Anyway, before I glue anything, here's two photos of where I'm at. Your opinions Ron? The first on the left is the way I had it working with cuts as they are. I also took the trap arm off and swung the trap around the way you suggested in the second photo on the right (probably the right way to do this?). As you might be able to see, it doesn't allow much room (not any really) for the trap arm to meet up with the drainage system (there is maybe an inch of open space between those two holes there back to front). If I cut the trap arm down to JUST BARELY a curve I could make it fit, I'm guessing. 

How would you proceed? Oh, and since I'm close, how fast does PVC glue dry? I plan to glue the whole crazy apparatus together outside of the sink, then just glue the final drainage piece in when it's all said and done.

Photos ahead...And THANKS!!! I bet you missed me today. Hahah. Eagerly awaiting your advice as always...


----------



## Ron The Plumber (Jun 7, 2006)

You can use that flex tailpiece if you like, there not code approved, reason is for it has ridges, these will collect scum and hair over time. Trap it around the backside is ok, slow drain mean the line is getting clogged up, and needs to be cleaned out. 

Other then that looks good. :thumbsup:


----------



## redline (Mar 5, 2006)

If you do not have the 45 degree fittings glued then you may be able to rotate them to the other side of the drain and see if you can get a better alignment to the sink drain.

The glue drys fast. Usually less than a minute.

You may want to put marks on the fittings/pipe before you glue them so that you get the correct location.

Is this bathroom on the seccond floor or the first floor?

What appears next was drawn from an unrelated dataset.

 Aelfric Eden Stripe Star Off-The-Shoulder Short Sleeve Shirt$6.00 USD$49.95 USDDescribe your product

Do you have access to the drain line after it goes below this floor?

When you hit the old drain with the sledge hammer it may have damaged the fittings/drain line further down the line. You may want to keep on eye out for leaks further down. A hacksaw or pvc cutter would work better next time. All part of learning.:thumbup: 

looks good so far.


----------



## BDPNA (Nov 27, 2006)

Hey Ron, Hey Redline!

The bathroom is on the lower level of the house, first floor. There is no basement so it basically goes right down into the sewage system under the vanity. I've replaced every pipe all the way to the floor so I think I did the best I could, though if you guys think putting some liquid plumber down there first would help I can do that.

Rotating the 45's the other way isn't a bad idea, actually. What do you think of that Ron? Also, a neighbor of mine was up and had a few comments -- He suggested I use a smaller run of PVC coming up out of the base there, and turn the 45's back so the plumbing runs up against the back wall, between the hot and cold inputs. Thoughts there? 

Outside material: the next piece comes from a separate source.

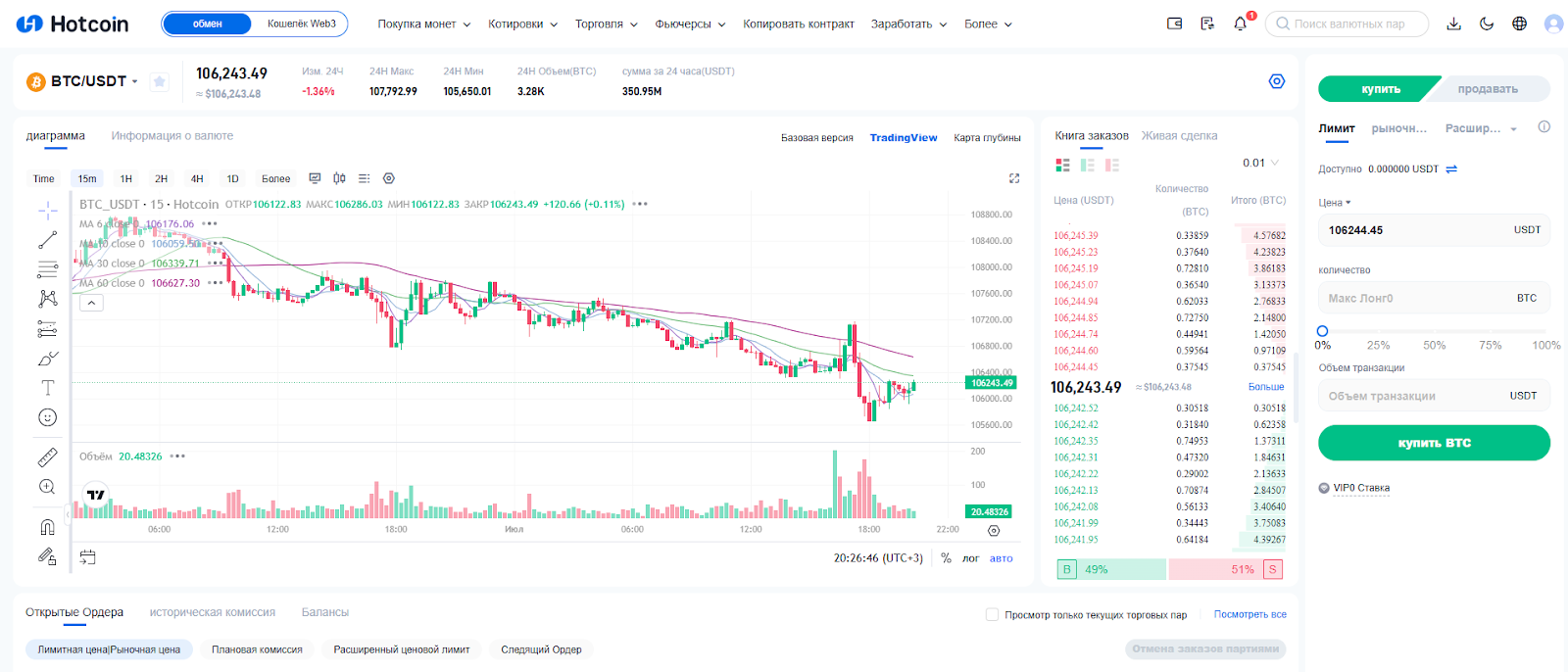 Криптовалютная биржа Hot Coin com взимает комиссии в трех случаях:

Also, he suggested I don't have a proper studor vent, he said what I have looks like a mechanical vent and is not allowed!??! I paid around $5 for it but he said a studor vent is $20! Is that right? The the last line here didn't have any venting at all, and it worked fine for 6 years!!!

Oh and finally, I'll replace that flex tube with a non flex then. I want to do this right!


----------



## Ron The Plumber (Jun 7, 2006)

BDPNA said:


> Rotating the 45's the other way isn't a bad idea, actually. What do you think of that Ron?

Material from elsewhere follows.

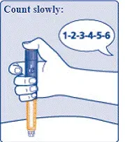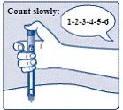 - Inserisci l'ago nella pelle. Premere e tenere premuto il pulsante Dose fino a quando il contatore della dose non mostra 0. Continue to keep the dose button pressed E keep the needle in your skin E conta lentamente fino a 6 (see Figura j).

Sure you can, just so as long as you can make that direct connection.



> Also, a neighbor of mine was up and had a few comments -- He suggested I use a smaller run of PVC coming up out of the base there, and turn the 45's back so the plumbing runs up against the back wall, between the hot and cold inputs. Thoughts there?


You can do it that way also there is so many ways you can accomplish this, you just have to decide which way to go.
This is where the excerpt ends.